## INSTRUCTIONS TO FOLLOW:
Your reply should set down word for word each line below from the one with "Fruteira De Chão" through the final line, both included, but none of the pictures.

## EXERCISE DATA:
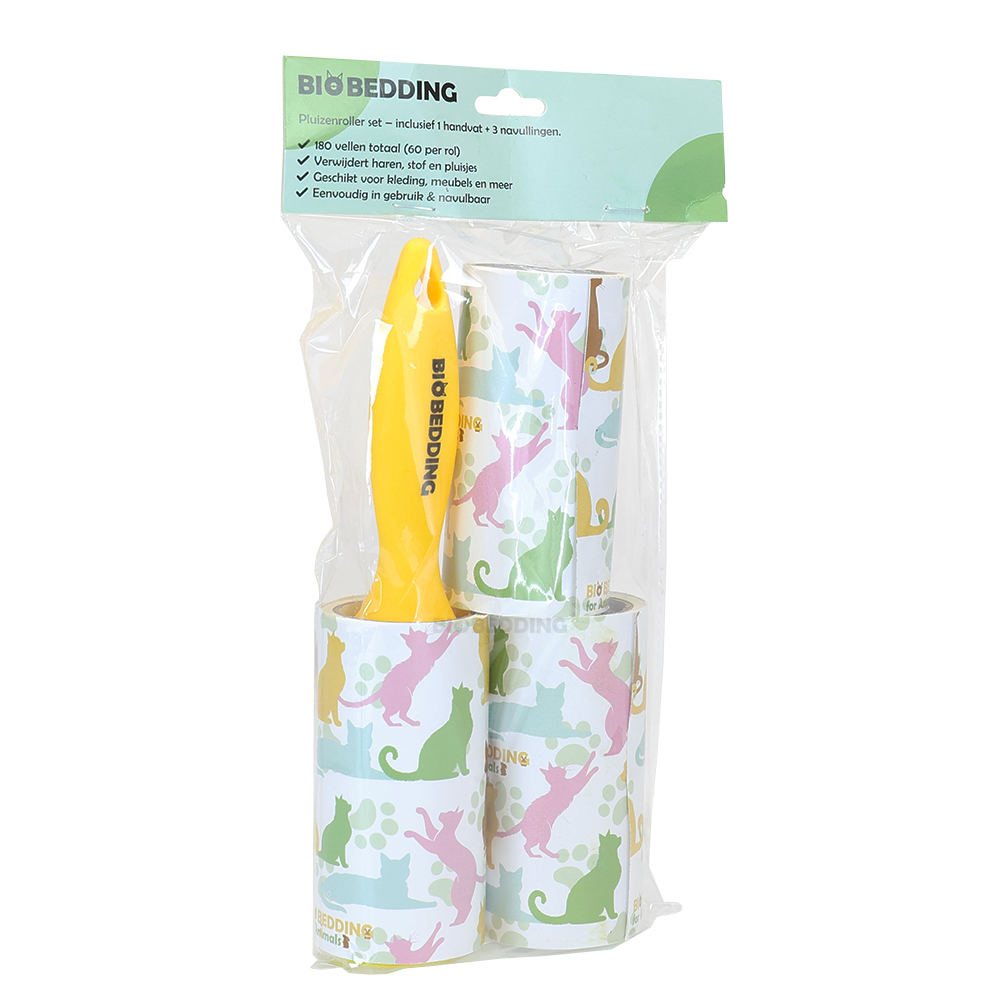Deze opvallend gele kleefroller is jouw ideale pluizenroller om snel en effectief haren, stof en pluisjes van kleding, meubels of bekleding te verwijderen. Zodra je hond of kat in huis hebt krijg je er gratis een verzameling haren bij, waar je maar kijken kunt. Een pluizen kleefroller is dan geen overbodige luxe, maar een echte must have voor thuis, in de auto of op kantoor. Dankzij de drie navullingen met ieder 60 vellen heb je direct 180 vellen gebruiksklare kleefkracht in handen. Perfect voor allerdaags gebruik! Één rol in gebruik, twee als reserve!
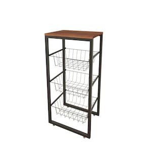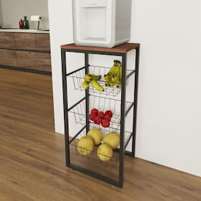 Fruteira De Chão Preto Fosco Em Aço Amadeirado Fruteira multiuso com cestos deslizantes produzida em aço, podendo ser utilizada em vários ambientes na cozinha, banheiro, quarto, facilitando seu dia-a-dia.
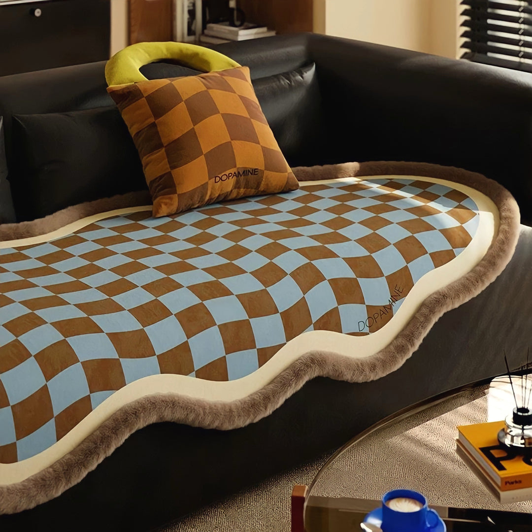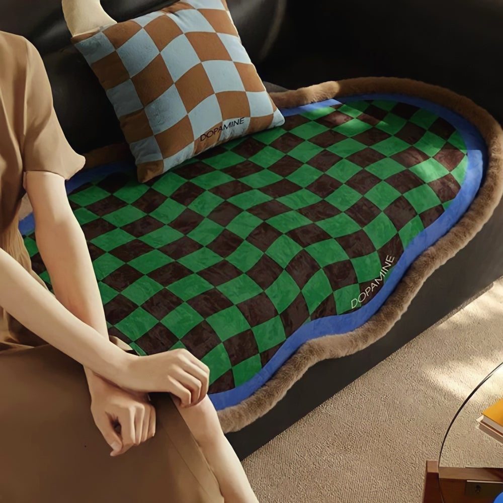レトロパターンブロックチェックラグ防水カーペット
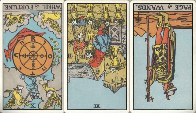 卜牌:命运之轮- 圣杯六- 权杖侍从-

## EXERCISE ANSWER:
 Fruteira De Chão Preto Fosco Em Aço Amadeirado Fruteira multiuso com cestos deslizantes produzida em aço, podendo ser utilizada em vários ambientes na cozinha, banheiro, quarto, facilitando seu dia-a-dia.
レトロパターンブロックチェックラグ防水カーペット
 卜牌:命运之轮- 圣杯六- 权杖侍从-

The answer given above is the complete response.